▶ DIRECTIONS FOR THIS TASK: Copy nothing from the entries below except the lines from the one containing "デニムワンピース ワンピース ミモレ丈" through the one containing "Comoda cu 2", and copy those exactly.

▶ PROVIDED DATA:
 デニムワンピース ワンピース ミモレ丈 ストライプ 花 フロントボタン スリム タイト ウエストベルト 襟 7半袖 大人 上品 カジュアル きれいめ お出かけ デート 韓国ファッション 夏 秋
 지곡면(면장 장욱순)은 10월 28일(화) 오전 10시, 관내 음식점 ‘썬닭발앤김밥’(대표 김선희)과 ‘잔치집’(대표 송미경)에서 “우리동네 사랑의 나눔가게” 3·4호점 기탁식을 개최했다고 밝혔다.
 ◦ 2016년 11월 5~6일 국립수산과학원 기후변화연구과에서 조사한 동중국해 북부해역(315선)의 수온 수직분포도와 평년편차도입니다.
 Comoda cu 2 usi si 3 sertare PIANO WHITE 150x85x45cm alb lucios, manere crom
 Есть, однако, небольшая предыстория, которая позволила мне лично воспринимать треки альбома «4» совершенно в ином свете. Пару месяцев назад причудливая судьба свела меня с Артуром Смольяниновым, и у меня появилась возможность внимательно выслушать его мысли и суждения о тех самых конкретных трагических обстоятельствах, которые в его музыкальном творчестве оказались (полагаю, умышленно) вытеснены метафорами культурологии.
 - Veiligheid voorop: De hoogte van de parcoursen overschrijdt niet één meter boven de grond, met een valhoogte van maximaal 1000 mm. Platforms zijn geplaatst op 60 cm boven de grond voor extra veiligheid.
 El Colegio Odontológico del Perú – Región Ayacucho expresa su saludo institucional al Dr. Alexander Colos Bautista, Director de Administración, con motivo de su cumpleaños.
* * *
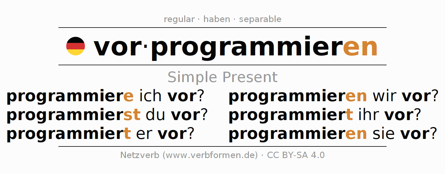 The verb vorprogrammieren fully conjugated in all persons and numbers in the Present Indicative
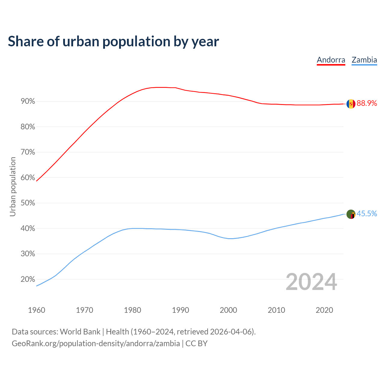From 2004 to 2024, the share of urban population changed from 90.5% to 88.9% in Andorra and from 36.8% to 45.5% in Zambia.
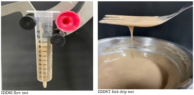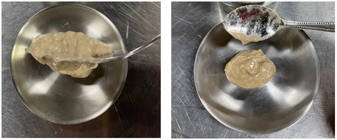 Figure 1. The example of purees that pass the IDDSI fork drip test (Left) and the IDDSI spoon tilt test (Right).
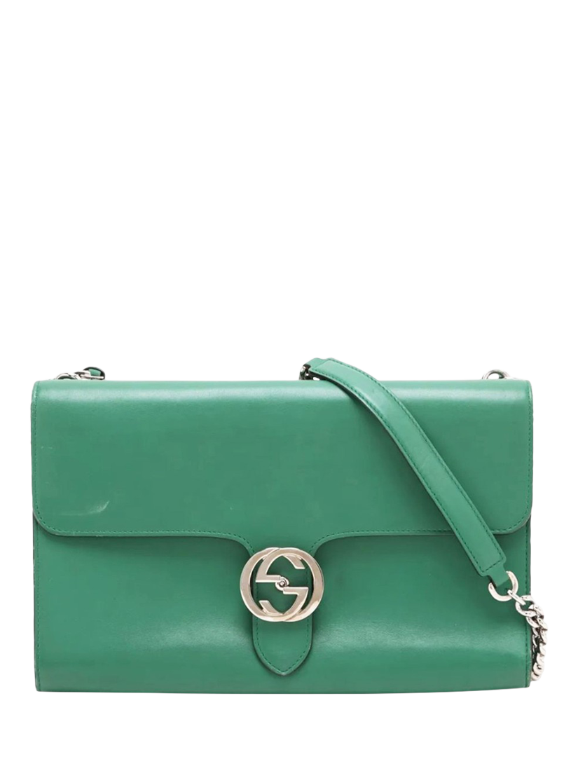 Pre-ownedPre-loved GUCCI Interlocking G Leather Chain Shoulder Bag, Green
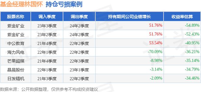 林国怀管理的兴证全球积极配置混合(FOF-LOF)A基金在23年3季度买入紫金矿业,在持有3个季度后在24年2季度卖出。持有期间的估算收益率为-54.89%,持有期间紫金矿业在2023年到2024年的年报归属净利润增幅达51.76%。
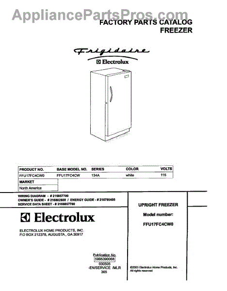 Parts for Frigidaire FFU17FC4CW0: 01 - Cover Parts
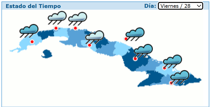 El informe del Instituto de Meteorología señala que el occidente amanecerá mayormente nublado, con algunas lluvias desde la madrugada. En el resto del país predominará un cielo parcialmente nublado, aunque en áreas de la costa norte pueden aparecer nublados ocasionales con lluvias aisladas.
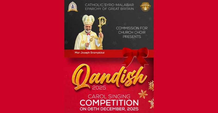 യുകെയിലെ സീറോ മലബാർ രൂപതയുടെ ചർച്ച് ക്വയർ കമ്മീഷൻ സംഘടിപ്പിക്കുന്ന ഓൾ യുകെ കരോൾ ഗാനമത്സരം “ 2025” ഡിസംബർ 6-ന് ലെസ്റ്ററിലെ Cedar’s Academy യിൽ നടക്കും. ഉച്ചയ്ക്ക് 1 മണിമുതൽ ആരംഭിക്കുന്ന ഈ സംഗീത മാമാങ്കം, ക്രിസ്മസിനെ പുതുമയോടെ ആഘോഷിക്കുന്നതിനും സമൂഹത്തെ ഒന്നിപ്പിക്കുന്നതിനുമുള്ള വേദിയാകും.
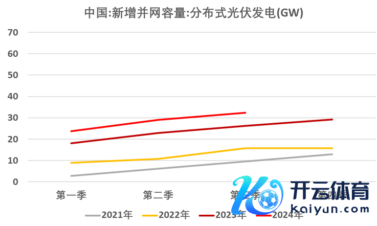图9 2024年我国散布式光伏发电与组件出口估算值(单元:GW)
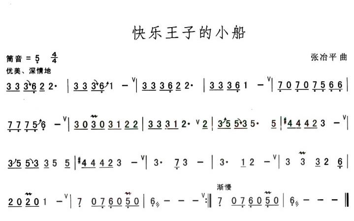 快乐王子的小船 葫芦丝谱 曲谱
==
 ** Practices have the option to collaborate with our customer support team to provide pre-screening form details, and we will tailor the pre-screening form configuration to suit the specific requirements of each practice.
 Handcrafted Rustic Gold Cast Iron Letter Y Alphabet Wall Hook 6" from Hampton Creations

▶ YOUR RESPONSE:
 デニムワンピース ワンピース ミモレ丈 ストライプ 花 フロントボタン スリム タイト ウエストベルト 襟 7半袖 大人 上品 カジュアル きれいめ お出かけ デート 韓国ファッション 夏 秋
 지곡면(면장 장욱순)은 10월 28일(화) 오전 10시, 관내 음식점 ‘썬닭발앤김밥’(대표 김선희)과 ‘잔치집’(대표 송미경)에서 “우리동네 사랑의 나눔가게” 3·4호점 기탁식을 개최했다고 밝혔다.
 ◦ 2016년 11월 5~6일 국립수산과학원 기후변화연구과에서 조사한 동중국해 북부해역(315선)의 수온 수직분포도와 평년편차도입니다.
 Comoda cu 2 usi si 3 sertare PIANO WHITE 150x85x45cm alb lucios, manere crom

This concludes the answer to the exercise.